DATASET CONTENT |
↓↓↓

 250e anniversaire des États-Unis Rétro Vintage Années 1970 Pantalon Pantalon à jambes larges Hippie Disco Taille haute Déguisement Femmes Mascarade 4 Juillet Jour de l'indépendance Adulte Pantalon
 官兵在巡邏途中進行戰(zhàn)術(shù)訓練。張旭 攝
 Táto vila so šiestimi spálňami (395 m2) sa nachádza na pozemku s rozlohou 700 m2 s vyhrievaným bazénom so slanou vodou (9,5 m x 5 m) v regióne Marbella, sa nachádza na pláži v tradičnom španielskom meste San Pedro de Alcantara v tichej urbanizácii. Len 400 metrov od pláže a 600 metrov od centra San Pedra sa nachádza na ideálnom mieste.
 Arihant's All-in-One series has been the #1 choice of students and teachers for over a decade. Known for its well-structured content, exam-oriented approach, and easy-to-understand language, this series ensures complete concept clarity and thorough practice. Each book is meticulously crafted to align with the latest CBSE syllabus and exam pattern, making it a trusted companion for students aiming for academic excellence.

↑↑↑
↓↓↓

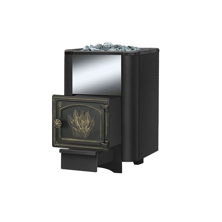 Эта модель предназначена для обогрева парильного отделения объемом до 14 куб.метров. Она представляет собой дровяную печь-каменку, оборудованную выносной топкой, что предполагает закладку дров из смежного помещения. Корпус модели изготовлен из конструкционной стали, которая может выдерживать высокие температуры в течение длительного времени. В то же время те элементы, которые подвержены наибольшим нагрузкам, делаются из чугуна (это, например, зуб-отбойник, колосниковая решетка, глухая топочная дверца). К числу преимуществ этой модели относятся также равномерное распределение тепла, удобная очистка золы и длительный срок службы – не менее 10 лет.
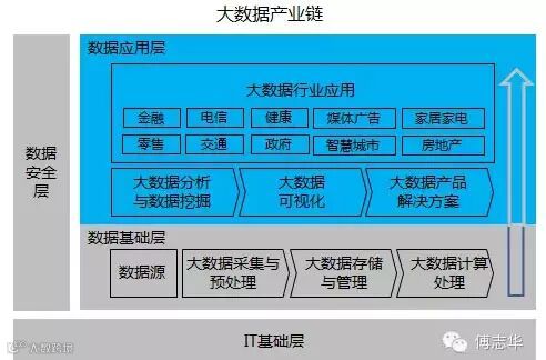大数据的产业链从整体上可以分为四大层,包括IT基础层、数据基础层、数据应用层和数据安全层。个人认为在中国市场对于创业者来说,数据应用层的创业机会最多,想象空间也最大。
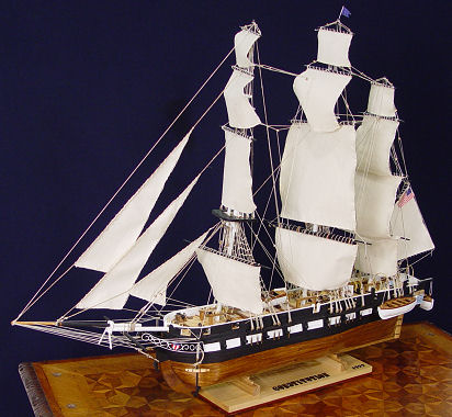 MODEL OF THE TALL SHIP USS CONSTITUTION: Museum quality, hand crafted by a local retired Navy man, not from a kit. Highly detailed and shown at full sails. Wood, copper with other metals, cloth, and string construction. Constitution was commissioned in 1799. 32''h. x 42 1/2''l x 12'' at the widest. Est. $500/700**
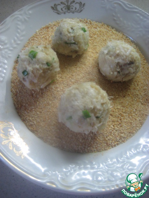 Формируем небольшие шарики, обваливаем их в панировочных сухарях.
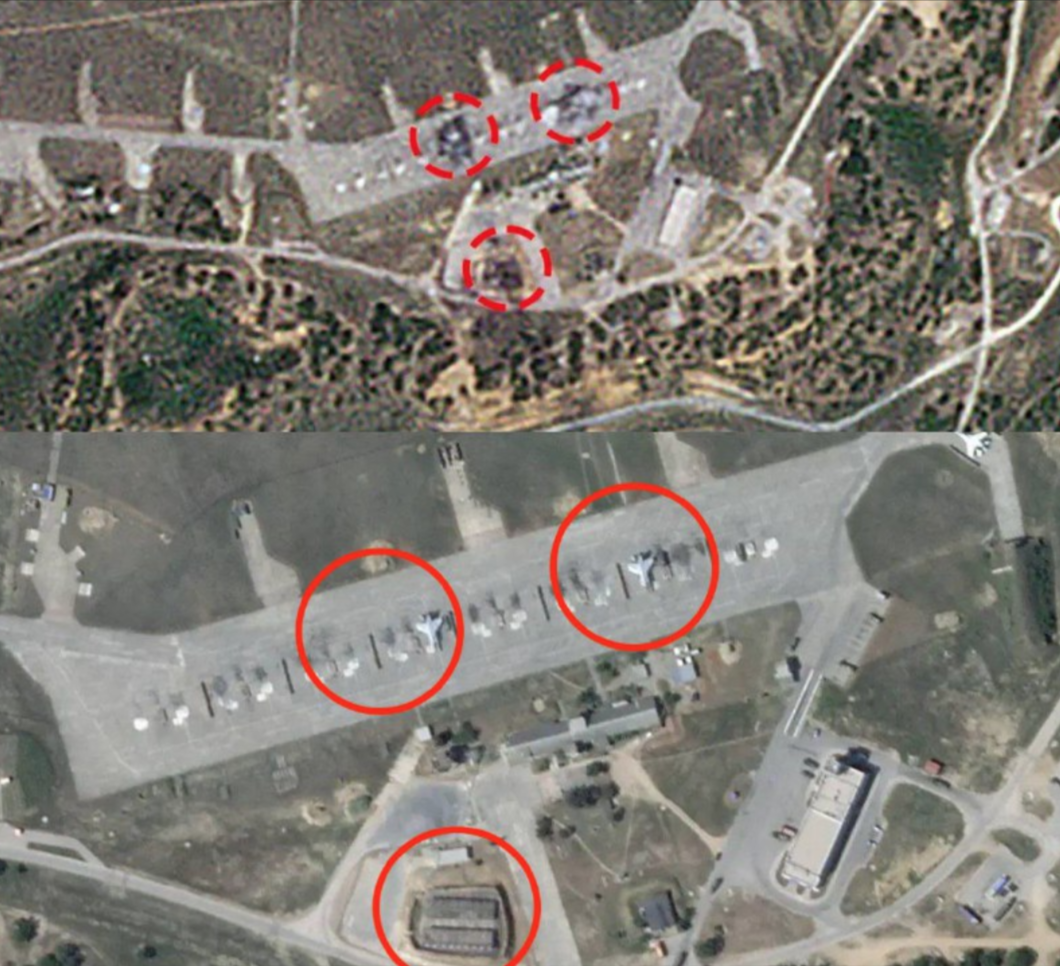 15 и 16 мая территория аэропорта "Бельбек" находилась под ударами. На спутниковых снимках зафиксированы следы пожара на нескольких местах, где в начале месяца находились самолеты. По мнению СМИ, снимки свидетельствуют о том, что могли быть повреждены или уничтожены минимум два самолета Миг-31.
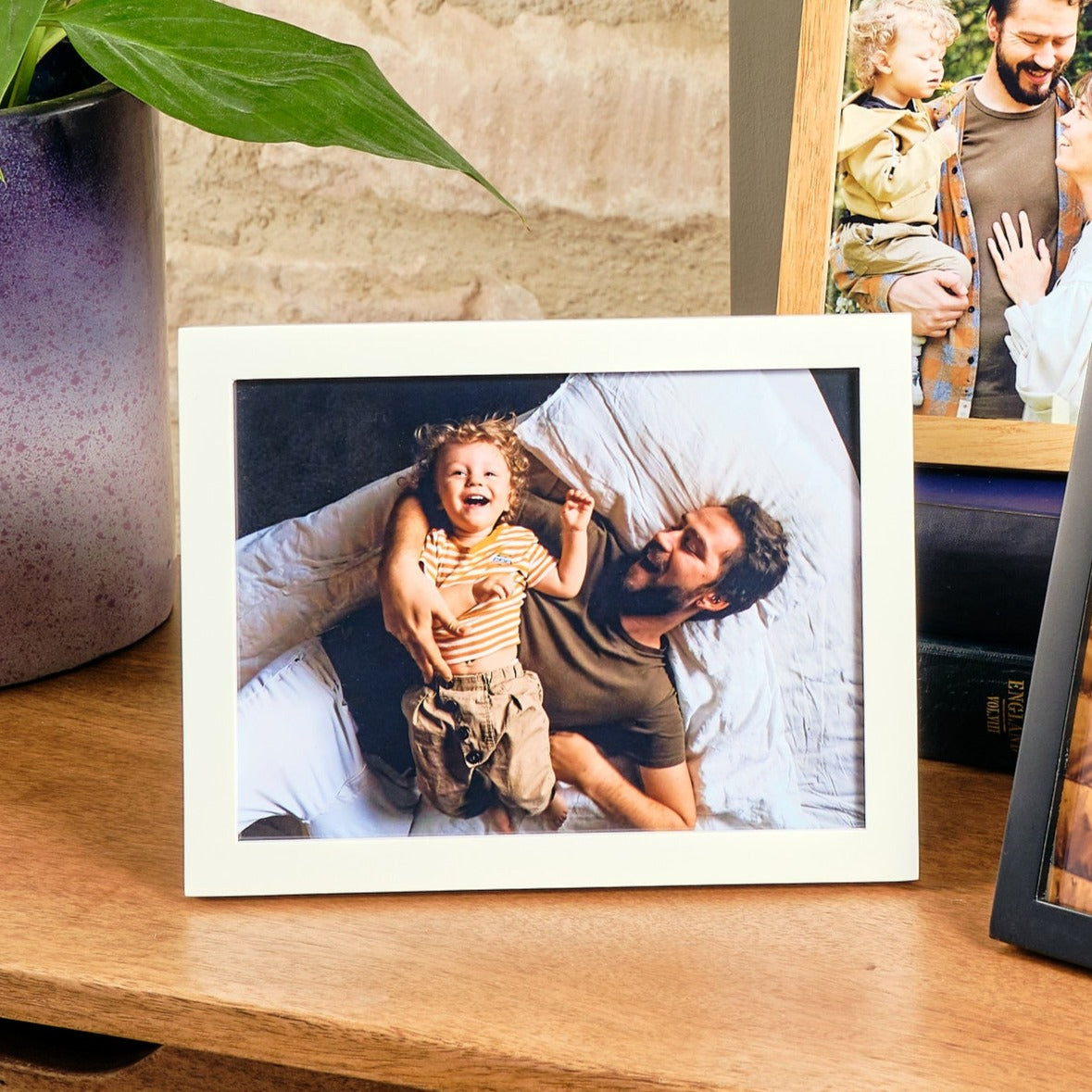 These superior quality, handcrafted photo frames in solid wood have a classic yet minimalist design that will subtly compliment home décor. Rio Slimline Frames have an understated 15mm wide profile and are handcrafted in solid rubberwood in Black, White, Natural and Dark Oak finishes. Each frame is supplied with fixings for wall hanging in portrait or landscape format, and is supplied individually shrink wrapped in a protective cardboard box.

↑↑↑

REQUIRED ACTION |
Of all the entries above, retype exactly the lines from the line with "250e anniversaire des" to the line with "Arihant's All-in-One series", both included, and no others.

SOLUTION FOR THIS TASK |
 250e anniversaire des États-Unis Rétro Vintage Années 1970 Pantalon Pantalon à jambes larges Hippie Disco Taille haute Déguisement Femmes Mascarade 4 Juillet Jour de l'indépendance Adulte Pantalon
 官兵在巡邏途中進行戰(zhàn)術(shù)訓練。張旭 攝
 Táto vila so šiestimi spálňami (395 m2) sa nachádza na pozemku s rozlohou 700 m2 s vyhrievaným bazénom so slanou vodou (9,5 m x 5 m) v regióne Marbella, sa nachádza na pláži v tradičnom španielskom meste San Pedro de Alcantara v tichej urbanizácii. Len 400 metrov od pláže a 600 metrov od centra San Pedra sa nachádza na ideálnom mieste.
 Arihant's All-in-One series has been the #1 choice of students and teachers for over a decade. Known for its well-structured content, exam-oriented approach, and easy-to-understand language, this series ensures complete concept clarity and thorough practice. Each book is meticulously crafted to align with the latest CBSE syllabus and exam pattern, making it a trusted companion for students aiming for academic excellence.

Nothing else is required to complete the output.